[EXERCISE REQUIREMENTS] Scan the records below for the line with "Le tissu est" and the line with "As a user, you", and retype that range exactly, both ends included, pictures excepted.

── RECORDED INFORMATION

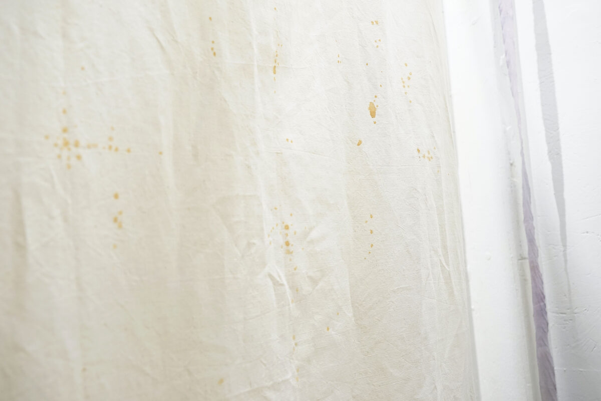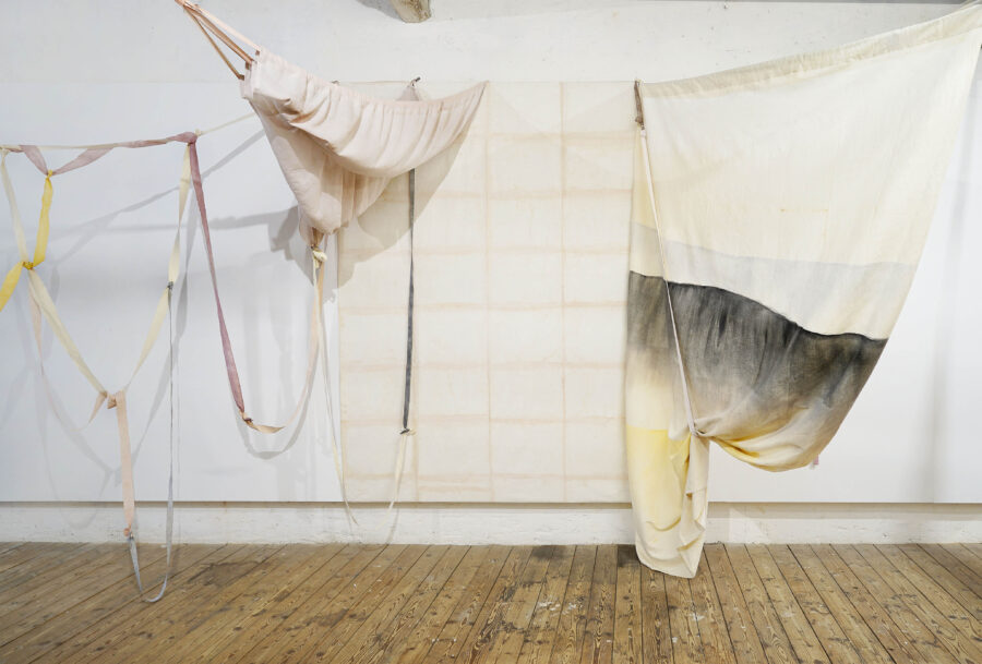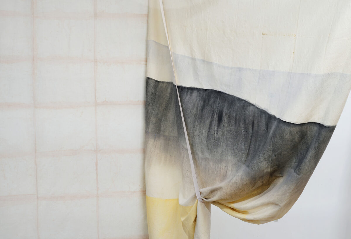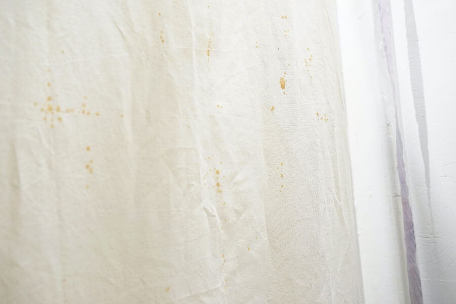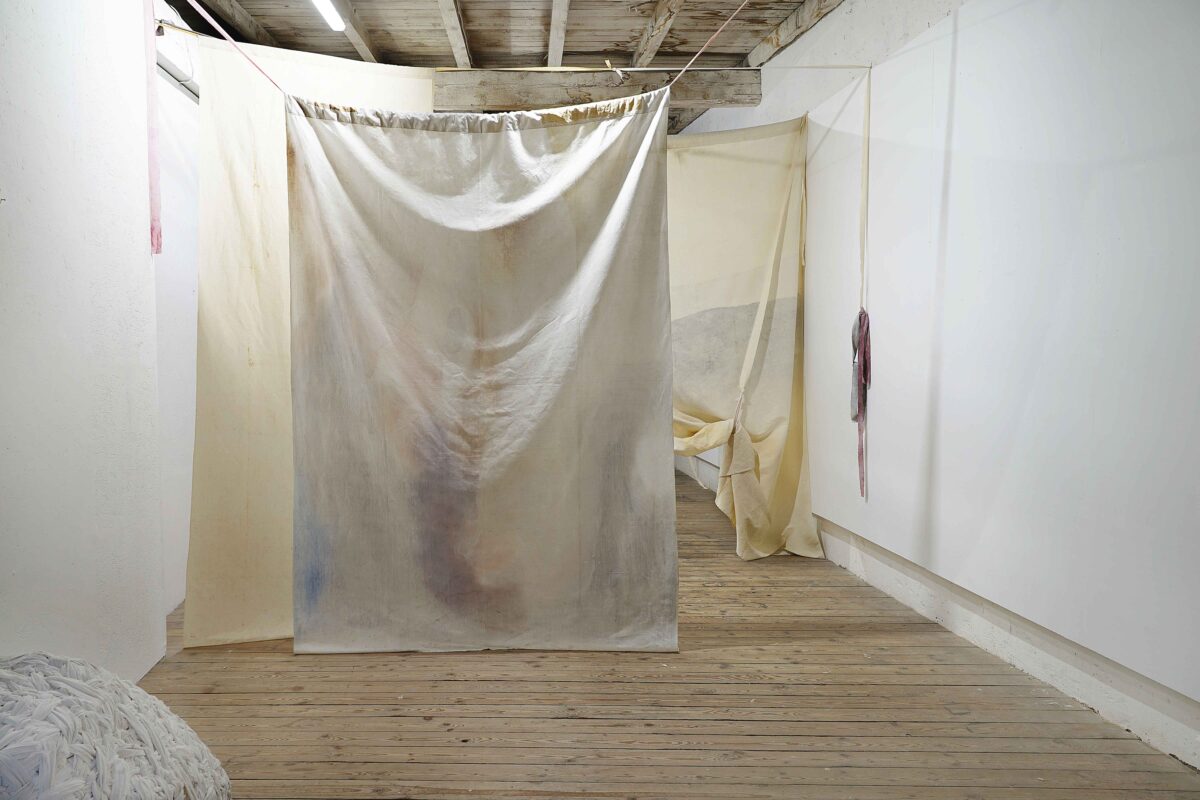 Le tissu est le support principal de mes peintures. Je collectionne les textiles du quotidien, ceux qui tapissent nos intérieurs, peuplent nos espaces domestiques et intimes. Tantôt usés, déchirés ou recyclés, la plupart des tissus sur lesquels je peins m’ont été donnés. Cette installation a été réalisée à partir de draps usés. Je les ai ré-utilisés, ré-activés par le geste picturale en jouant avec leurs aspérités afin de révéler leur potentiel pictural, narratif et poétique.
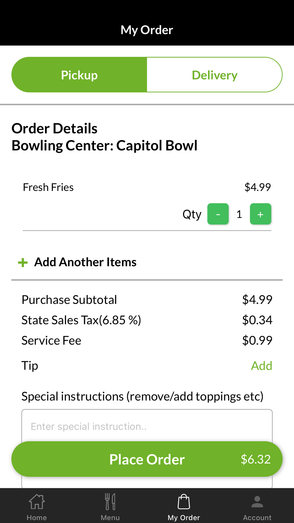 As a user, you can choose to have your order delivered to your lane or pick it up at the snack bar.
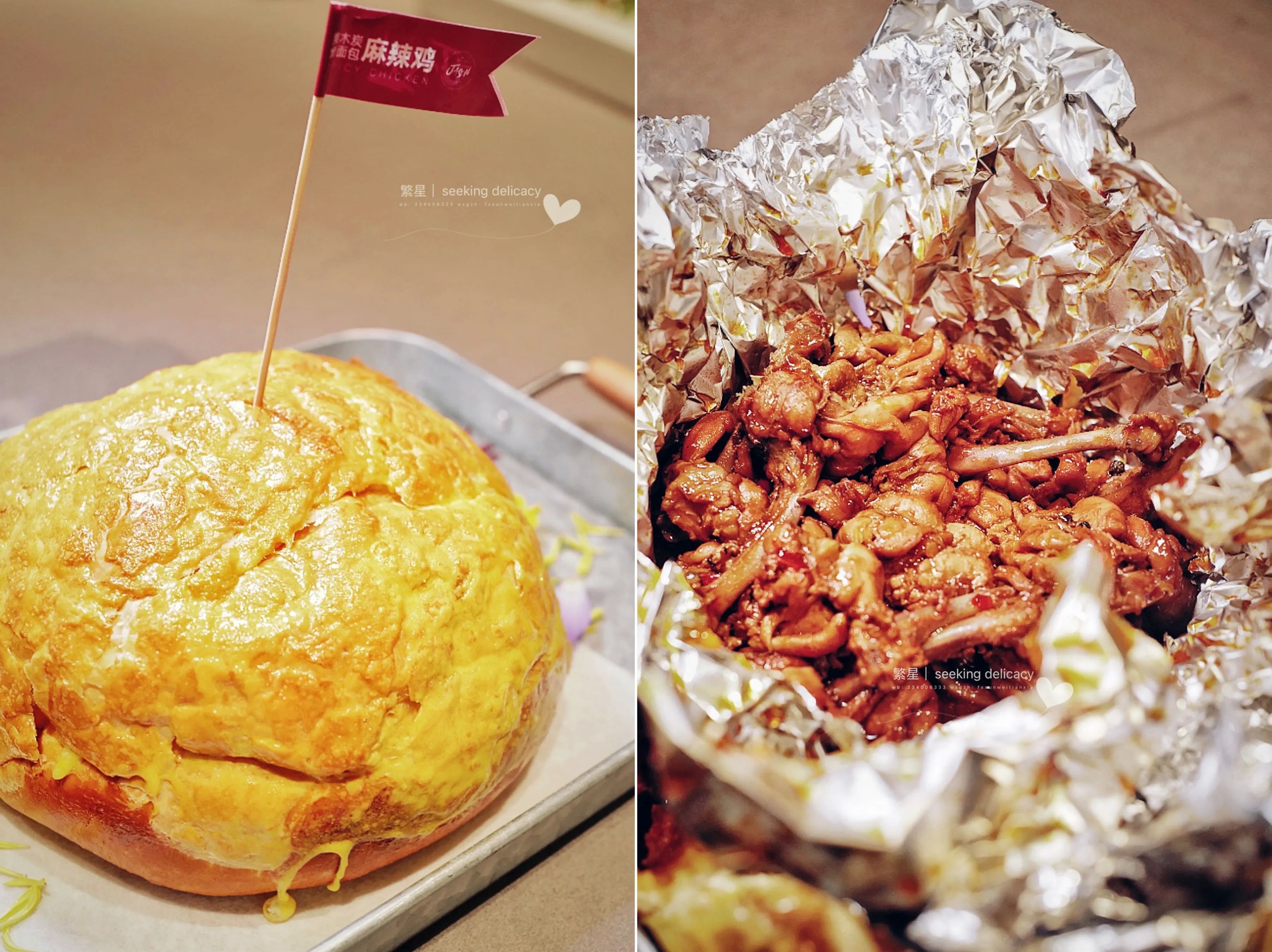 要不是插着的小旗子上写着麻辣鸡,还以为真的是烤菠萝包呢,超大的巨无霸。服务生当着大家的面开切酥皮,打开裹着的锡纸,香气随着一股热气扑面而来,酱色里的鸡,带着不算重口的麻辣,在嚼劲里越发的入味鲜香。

────
── RECORDED INFORMATION

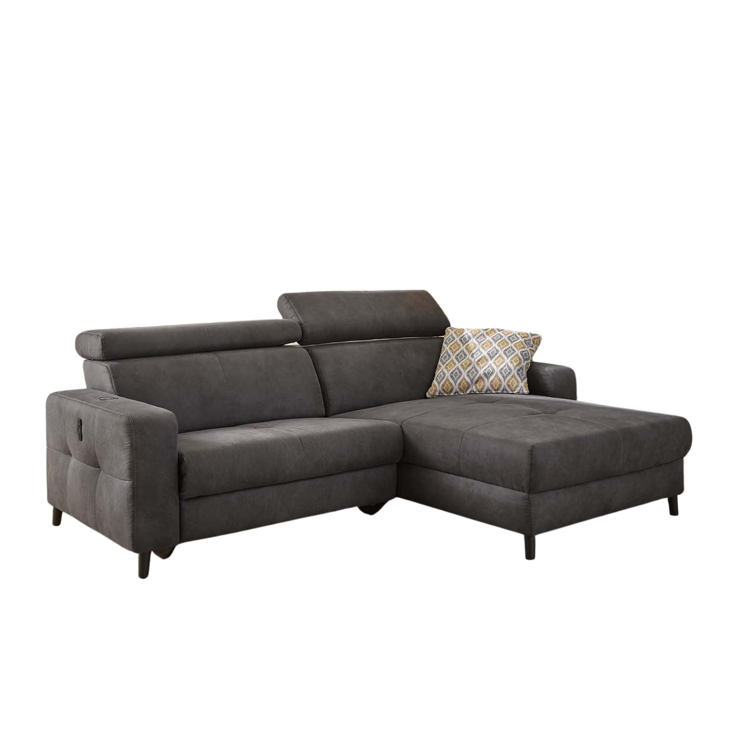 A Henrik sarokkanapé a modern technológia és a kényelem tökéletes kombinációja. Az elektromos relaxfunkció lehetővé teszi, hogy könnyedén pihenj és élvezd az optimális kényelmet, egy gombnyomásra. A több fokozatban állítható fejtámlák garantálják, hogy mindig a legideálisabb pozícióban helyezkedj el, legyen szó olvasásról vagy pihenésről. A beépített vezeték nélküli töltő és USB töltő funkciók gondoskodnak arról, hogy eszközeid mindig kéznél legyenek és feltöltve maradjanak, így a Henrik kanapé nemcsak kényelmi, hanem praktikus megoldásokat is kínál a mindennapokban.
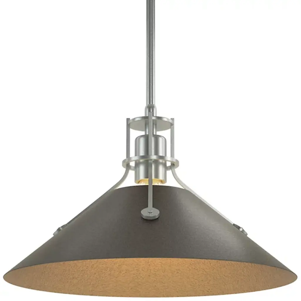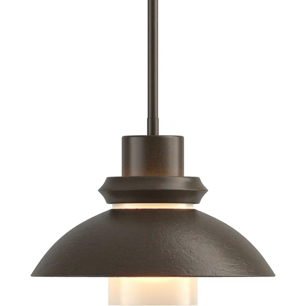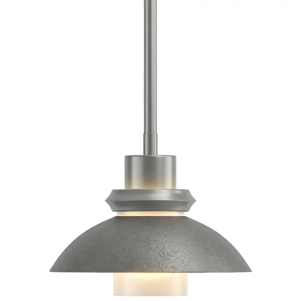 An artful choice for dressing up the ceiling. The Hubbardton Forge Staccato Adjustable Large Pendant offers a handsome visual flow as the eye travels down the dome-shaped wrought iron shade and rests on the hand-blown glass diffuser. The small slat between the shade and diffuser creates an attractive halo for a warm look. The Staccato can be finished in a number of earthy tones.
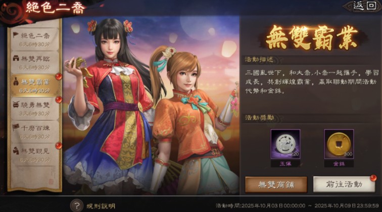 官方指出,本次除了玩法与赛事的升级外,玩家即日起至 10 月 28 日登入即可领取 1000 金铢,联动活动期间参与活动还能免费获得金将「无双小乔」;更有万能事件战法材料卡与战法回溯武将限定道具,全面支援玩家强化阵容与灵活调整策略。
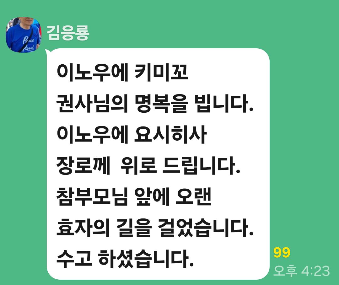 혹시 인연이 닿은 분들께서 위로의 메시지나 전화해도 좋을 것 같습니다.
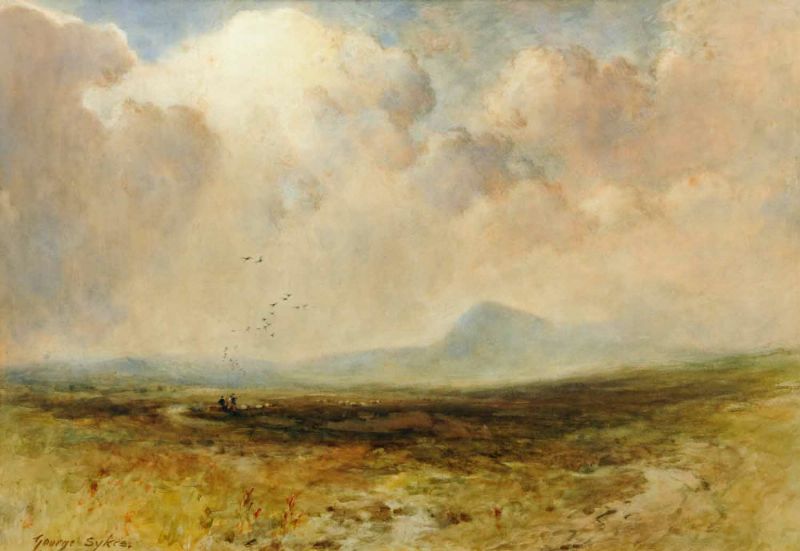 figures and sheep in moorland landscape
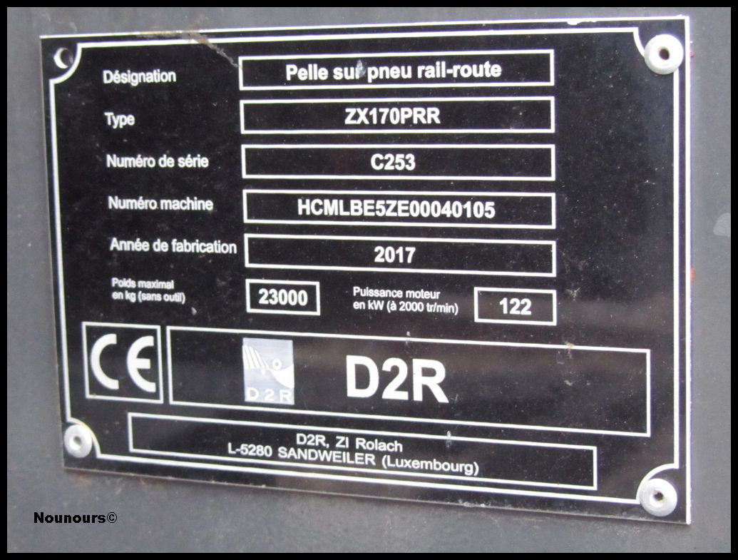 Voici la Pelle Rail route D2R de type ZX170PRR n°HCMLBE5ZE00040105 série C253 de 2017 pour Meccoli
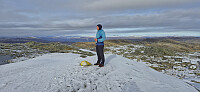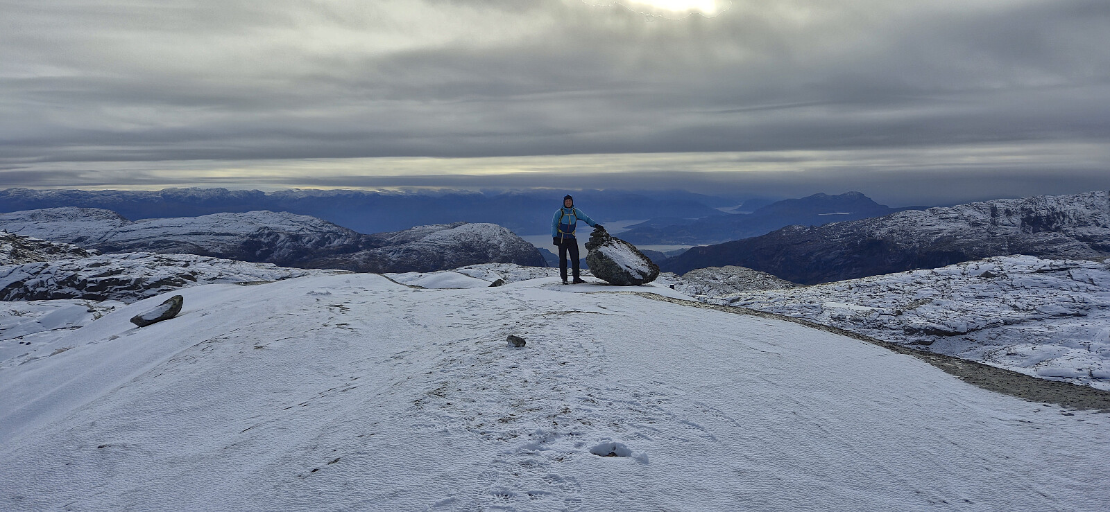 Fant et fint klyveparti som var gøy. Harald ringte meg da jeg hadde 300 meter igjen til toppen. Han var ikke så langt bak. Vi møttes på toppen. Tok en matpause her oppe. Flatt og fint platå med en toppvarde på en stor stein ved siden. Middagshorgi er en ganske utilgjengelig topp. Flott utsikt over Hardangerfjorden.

────
── RECORDED INFORMATION

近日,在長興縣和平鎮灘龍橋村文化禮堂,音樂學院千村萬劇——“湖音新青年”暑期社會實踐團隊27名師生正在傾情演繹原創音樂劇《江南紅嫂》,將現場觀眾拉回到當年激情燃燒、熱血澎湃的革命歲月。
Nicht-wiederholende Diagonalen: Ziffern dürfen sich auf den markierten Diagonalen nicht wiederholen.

────

[SOLUTION]
 Le tissu est le support principal de mes peintures. Je collectionne les textiles du quotidien, ceux qui tapissent nos intérieurs, peuplent nos espaces domestiques et intimes. Tantôt usés, déchirés ou recyclés, la plupart des tissus sur lesquels je peins m’ont été donnés. Cette installation a été réalisée à partir de draps usés. Je les ai ré-utilisés, ré-activés par le geste picturale en jouant avec leurs aspérités afin de révéler leur potentiel pictural, narratif et poétique.
 As a user, you can choose to have your order delivered to your lane or pick it up at the snack bar.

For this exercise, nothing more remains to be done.